Parents have never truly cared whether or not their children will have "good lives", certainly not in any - "i'll sit down and analyze carefully if my offspring will have a good time" type of way.

Child mortality rate used to be something like 50% in past.

People still have insane fertility rates in complete - objectively shitholes - like Bangladesh, etc.

That's simply not how the world works, that's not how natural selection works.

The problem is that you (and most people frankly) look at the "fertility problem" within their very limited 1-human lifespan. However, if you zoom out a bit, the fertility problem disappears, not only does it disappear completely - the problem will disappear regardless if circumstances get better or if they get way worse.

The mothers (and fathers) that don't have children because they think the "world as it is right now is a bad place", will simply get selected out.

Caring about whether your children will have "a good life" to a point of not having any is simply maladaptive from natural selection POV and it will sort it out very quickly.

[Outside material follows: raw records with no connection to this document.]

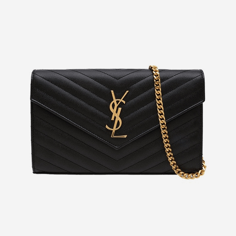 Yves SaintLaurentYsL圣罗兰杨树林女包 Monogram信封woc黑色鱼子酱链条包单肩斜挎包 金扣金链中号22.5*14*4现货
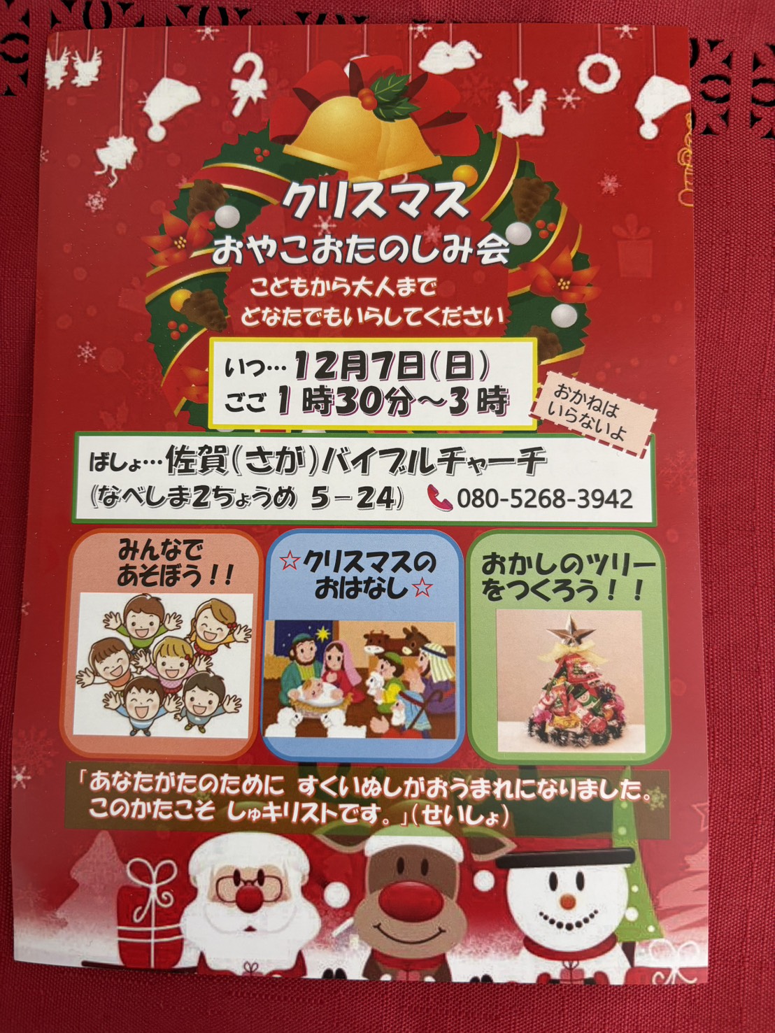 クリスマス。おやこおたのしみ会。12月7日13時半~15時。
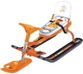 высота по спинке 450мм высота по сиденью 290мм сиденье мягкое размер сиденья 445х200мм грузоподъемность до 100кг буксировочный трос с автоматической намоткой усиленный тормоз эффективен на обледенелой поверхности складная съемная спинка комплект наклеек на снегокат в ПОДАРОК! масса 6,6кг в разобранном виде

It's just a 1-gen outlier.

tuna74 an hour ago | parent [-]

"People still have insane fertility rates in complete - objectively shitholes - like Bangladesh, etc."

Here is the fertility rate in Bangladesh: https://www.macrotrends.net/global-metrics/countries/bgd/ban...

Johanx64 an hour ago | parent [-]

I stand corrected, it doesn't have "insane fertility rate".

That's still a high fertility rate for a country with stats like this: https://www.globalhungerindex.org/bangladesh.html

> 25.1% of children under five are stunted, 10.7% of children under five are wasted

And the country had even higher fertility rates when it had higher frequency of famines, and much higher rates of hunger and malnourishment.

The point i was making however, is that parents don't truly - at a deeper level - consider the quality of life they are subjecting their child to.

Natural selection doesn't maximize for quality of life (it doesn't care for it), it selects for procreation and survival.